**WORK REQUIRED**
Retype the records below exactly as given, but only from the first line through the line with "1. The produced", and without the pictures.

**SOURCE MATERIAL**
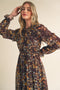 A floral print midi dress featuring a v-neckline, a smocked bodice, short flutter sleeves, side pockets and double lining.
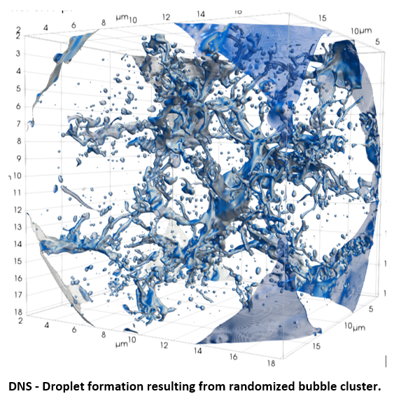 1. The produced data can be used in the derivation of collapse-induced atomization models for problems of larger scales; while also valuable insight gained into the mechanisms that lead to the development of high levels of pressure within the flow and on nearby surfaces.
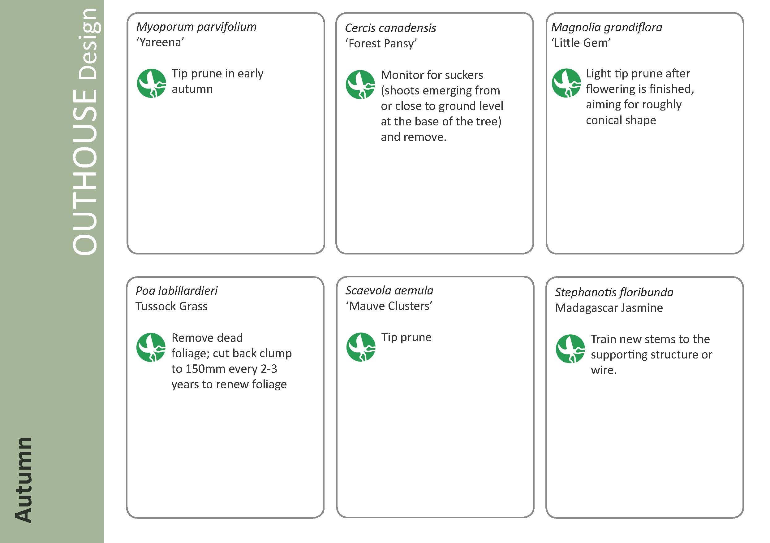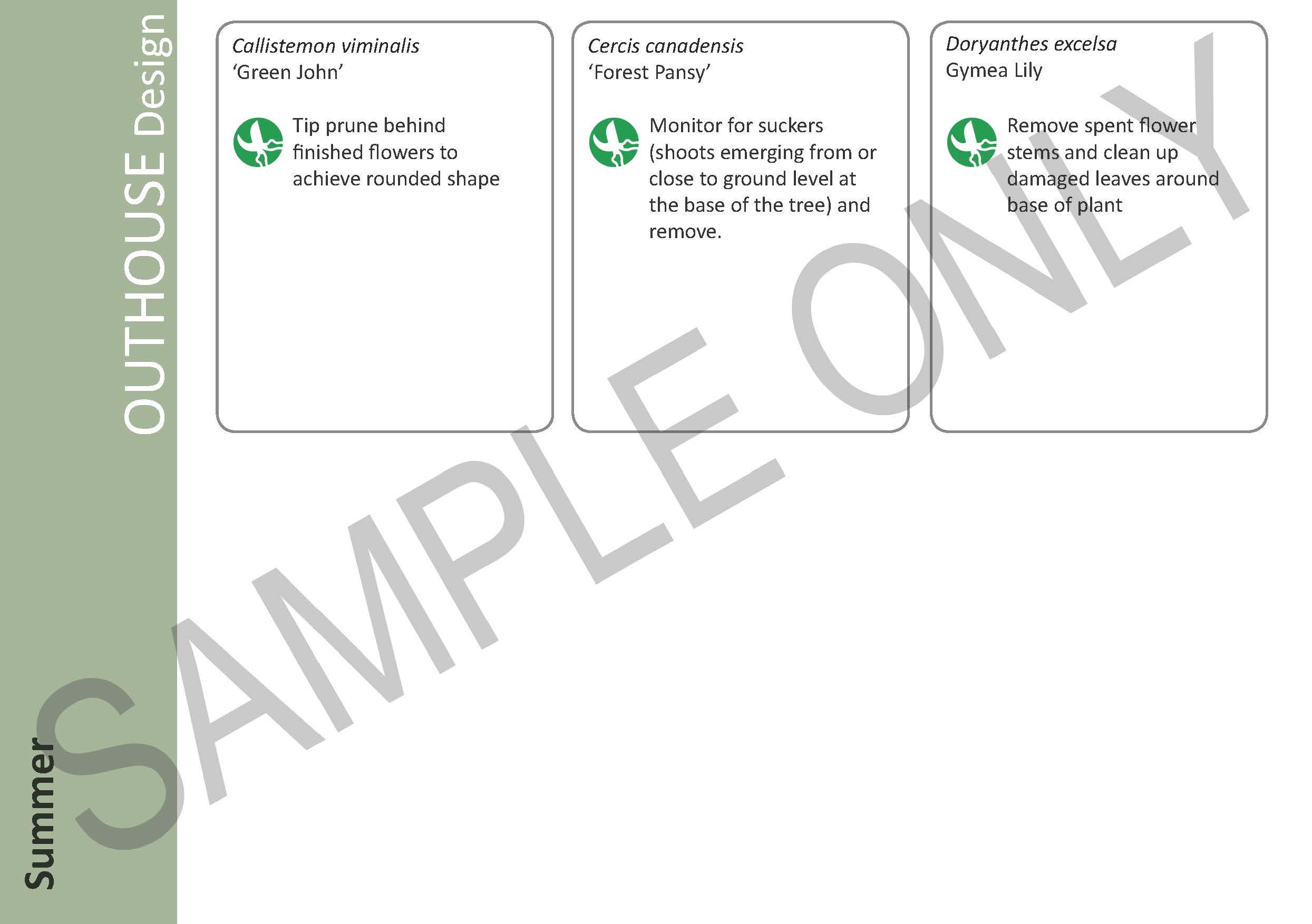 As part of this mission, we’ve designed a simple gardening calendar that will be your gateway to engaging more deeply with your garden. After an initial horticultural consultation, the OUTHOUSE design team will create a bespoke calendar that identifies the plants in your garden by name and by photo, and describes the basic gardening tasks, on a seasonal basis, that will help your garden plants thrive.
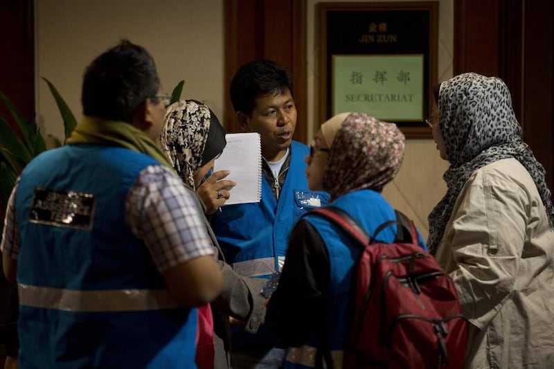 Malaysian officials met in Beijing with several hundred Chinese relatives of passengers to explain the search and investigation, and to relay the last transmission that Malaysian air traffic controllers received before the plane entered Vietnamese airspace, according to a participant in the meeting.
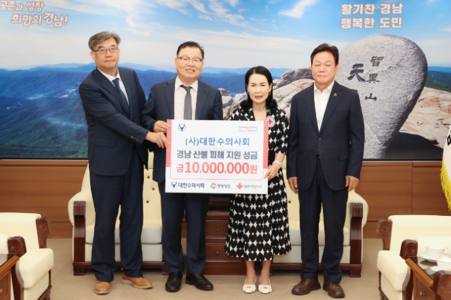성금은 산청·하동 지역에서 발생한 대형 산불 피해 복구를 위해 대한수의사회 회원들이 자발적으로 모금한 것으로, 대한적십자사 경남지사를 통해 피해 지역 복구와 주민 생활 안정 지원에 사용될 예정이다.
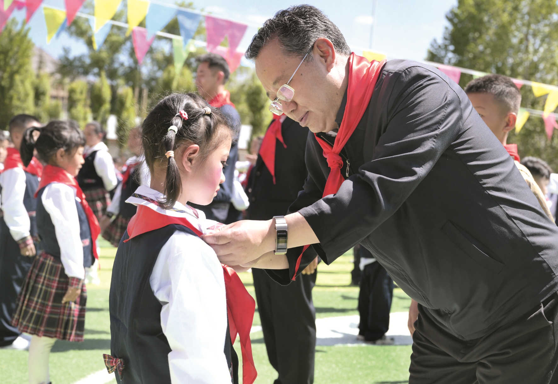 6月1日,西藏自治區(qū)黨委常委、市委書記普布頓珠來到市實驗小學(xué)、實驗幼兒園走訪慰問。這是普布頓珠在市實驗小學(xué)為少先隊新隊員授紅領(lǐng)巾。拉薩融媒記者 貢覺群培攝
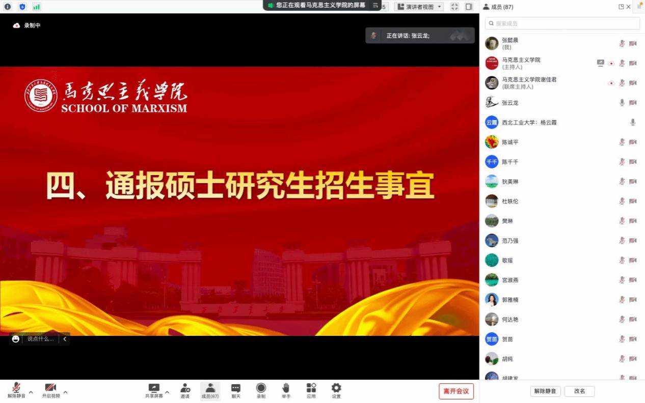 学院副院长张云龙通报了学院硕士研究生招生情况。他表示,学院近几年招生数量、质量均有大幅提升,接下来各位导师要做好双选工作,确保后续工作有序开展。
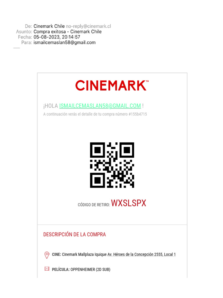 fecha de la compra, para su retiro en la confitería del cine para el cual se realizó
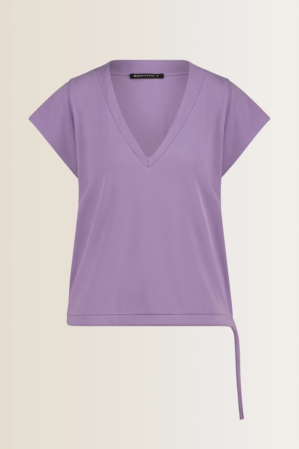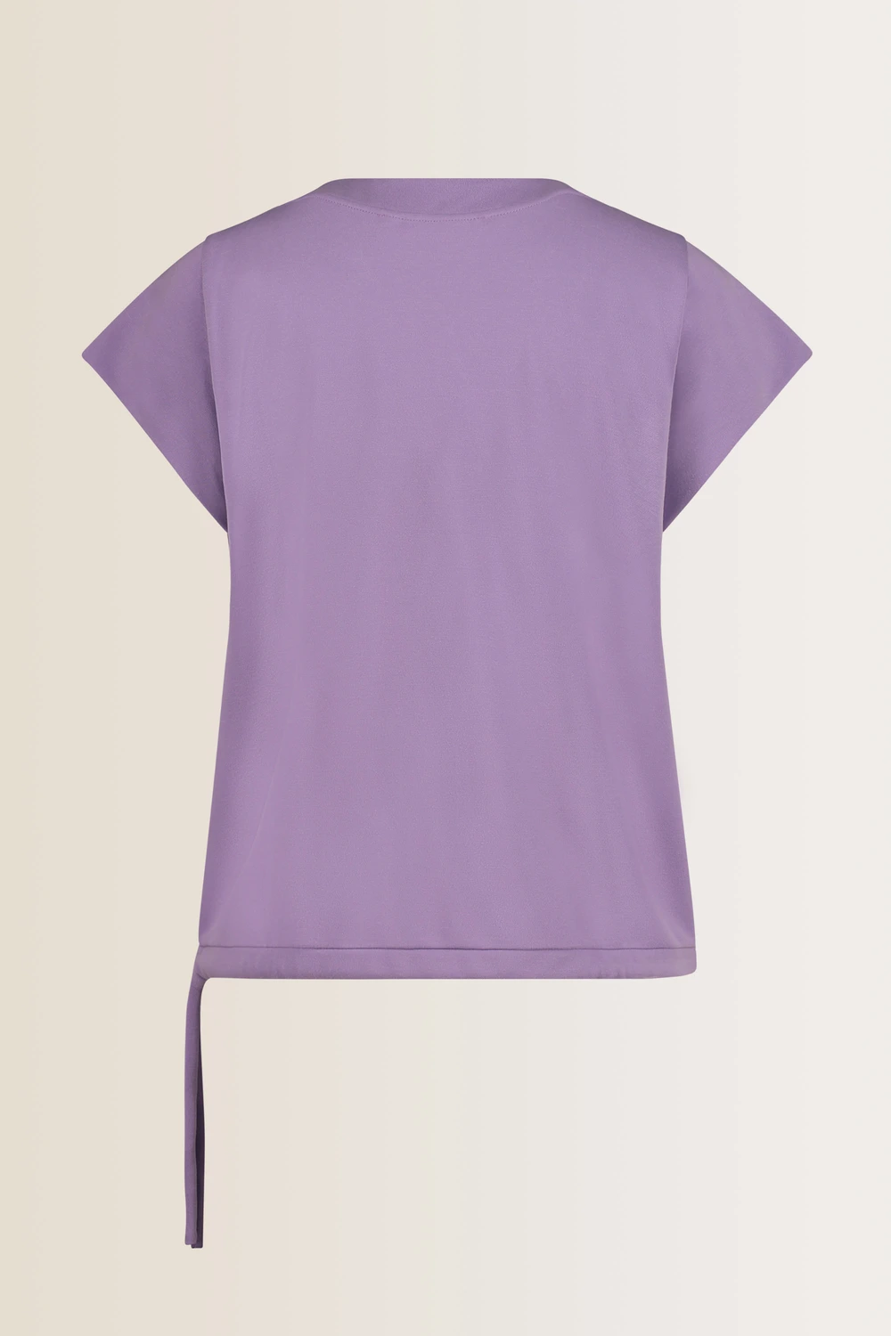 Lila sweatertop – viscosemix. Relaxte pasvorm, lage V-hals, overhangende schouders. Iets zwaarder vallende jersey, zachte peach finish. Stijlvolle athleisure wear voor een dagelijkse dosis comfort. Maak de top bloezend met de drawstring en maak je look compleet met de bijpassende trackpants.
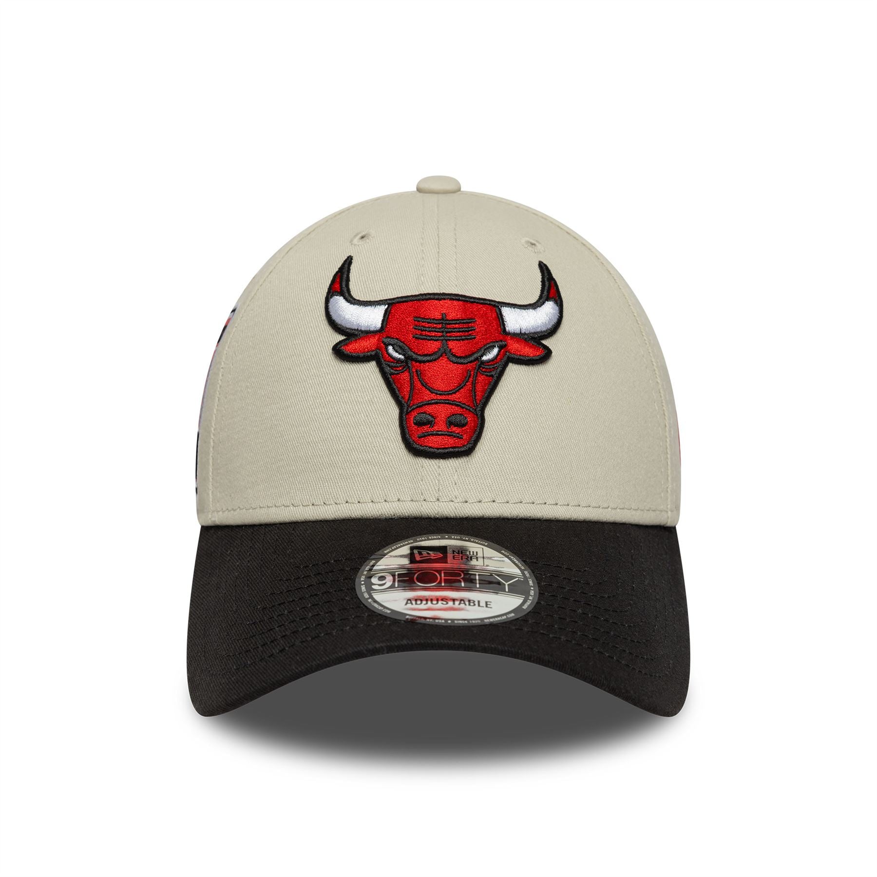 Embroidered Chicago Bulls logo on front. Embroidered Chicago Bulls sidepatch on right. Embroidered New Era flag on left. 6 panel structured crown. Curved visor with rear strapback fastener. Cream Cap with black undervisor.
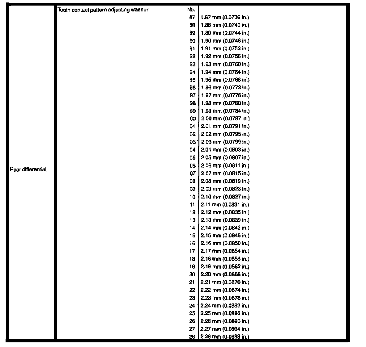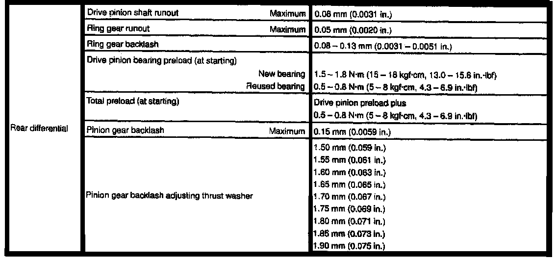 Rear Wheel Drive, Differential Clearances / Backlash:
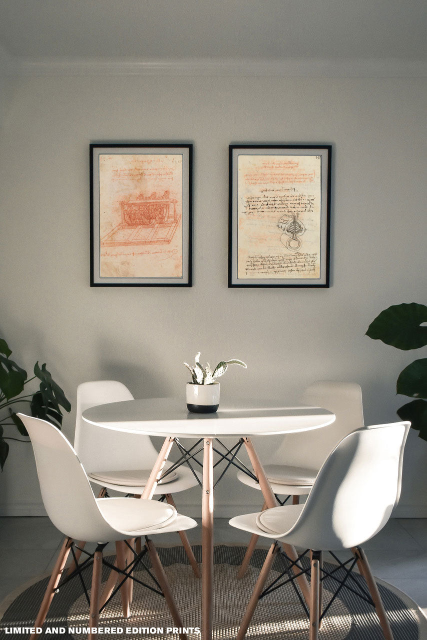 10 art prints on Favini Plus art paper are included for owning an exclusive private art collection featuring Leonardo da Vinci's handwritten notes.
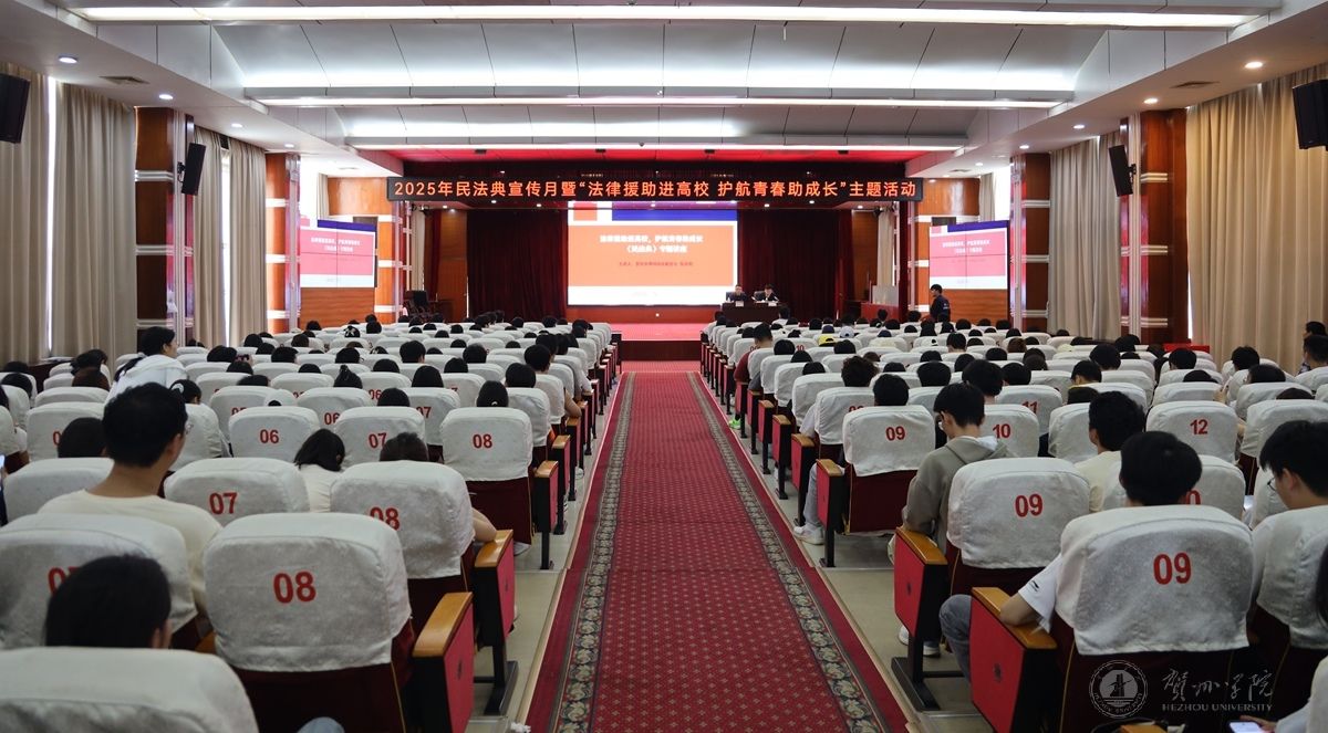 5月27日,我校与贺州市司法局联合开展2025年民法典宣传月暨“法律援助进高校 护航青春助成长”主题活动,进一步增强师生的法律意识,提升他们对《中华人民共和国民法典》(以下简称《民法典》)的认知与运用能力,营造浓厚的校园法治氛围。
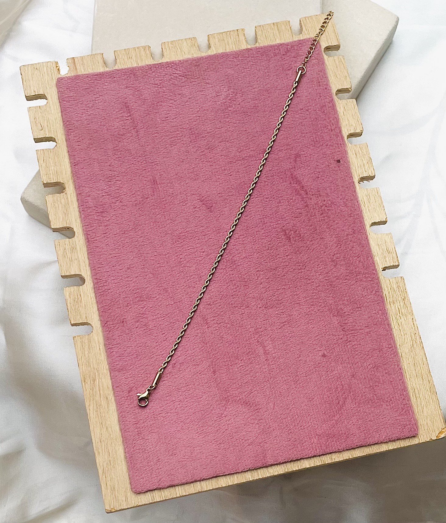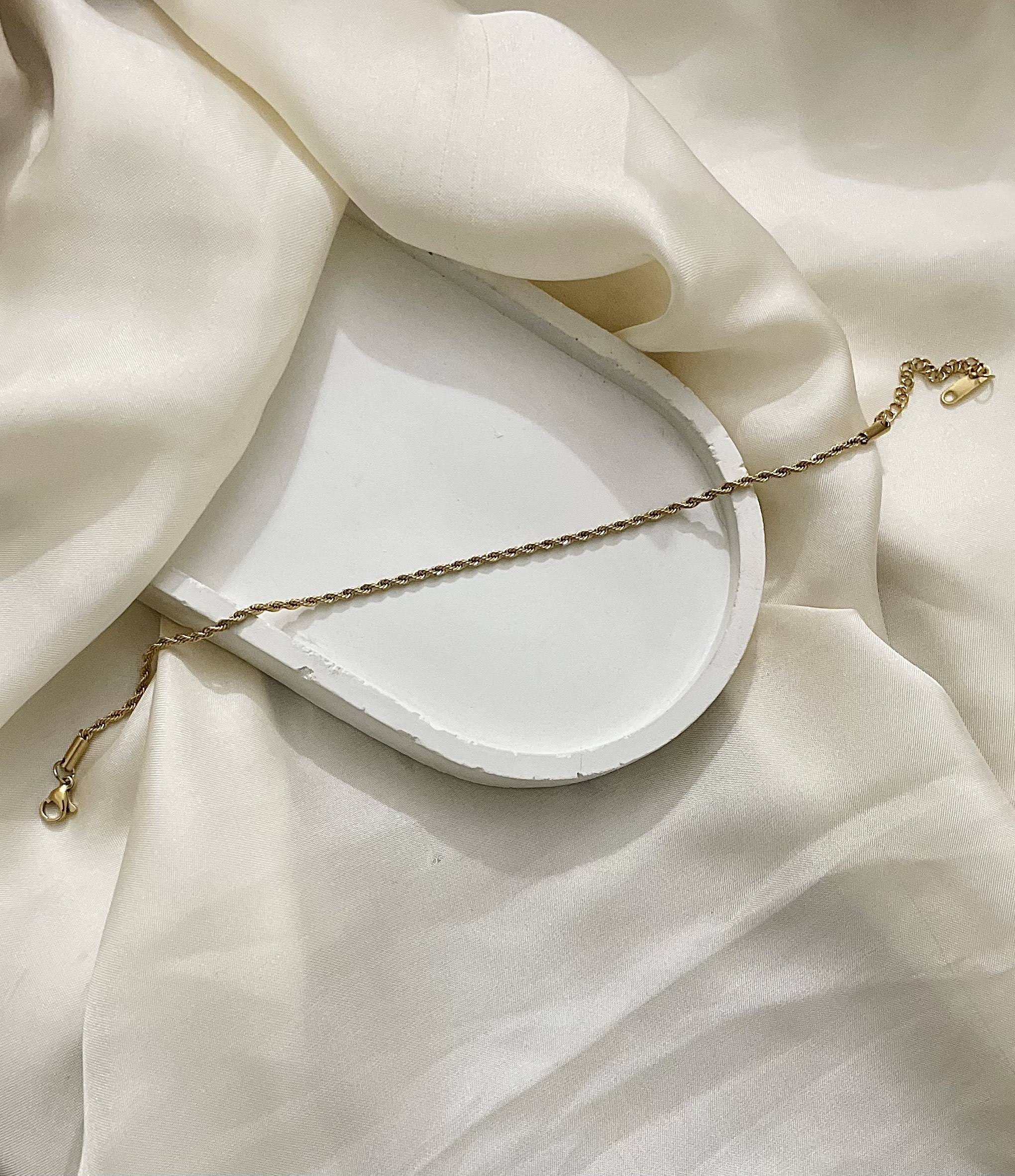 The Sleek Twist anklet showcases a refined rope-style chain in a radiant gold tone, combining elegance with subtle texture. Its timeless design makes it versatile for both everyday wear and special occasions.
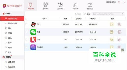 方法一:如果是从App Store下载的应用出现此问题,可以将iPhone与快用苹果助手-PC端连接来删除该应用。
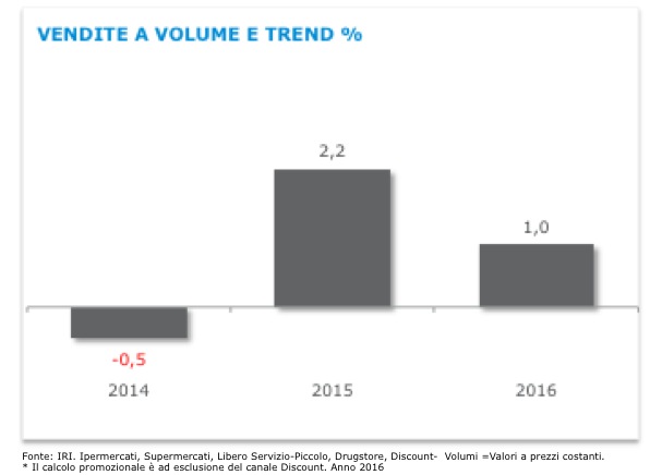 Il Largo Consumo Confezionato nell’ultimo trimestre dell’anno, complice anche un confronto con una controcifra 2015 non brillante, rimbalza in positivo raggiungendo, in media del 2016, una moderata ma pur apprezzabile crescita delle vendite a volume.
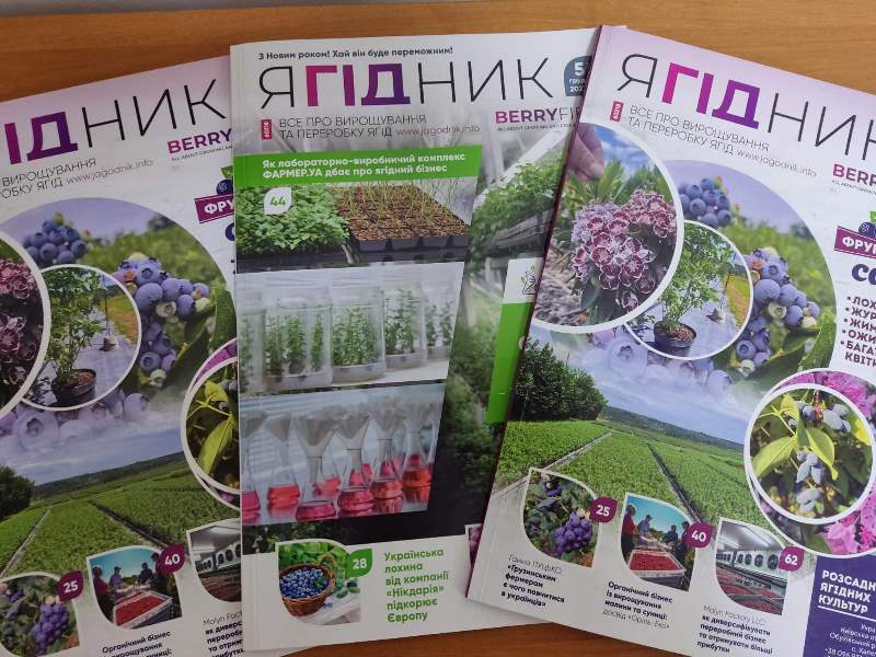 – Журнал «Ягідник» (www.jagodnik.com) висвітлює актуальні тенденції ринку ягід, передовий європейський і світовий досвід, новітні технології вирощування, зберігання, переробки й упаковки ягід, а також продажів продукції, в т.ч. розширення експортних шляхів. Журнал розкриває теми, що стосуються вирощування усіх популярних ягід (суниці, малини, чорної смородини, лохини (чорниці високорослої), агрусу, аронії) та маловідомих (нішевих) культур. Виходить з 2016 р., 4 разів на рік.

**WRITTEN ANSWER**
 A floral print midi dress featuring a v-neckline, a smocked bodice, short flutter sleeves, side pockets and double lining.
 1. The produced data can be used in the derivation of collapse-induced atomization models for problems of larger scales; while also valuable insight gained into the mechanisms that lead to the development of high levels of pressure within the flow and on nearby surfaces.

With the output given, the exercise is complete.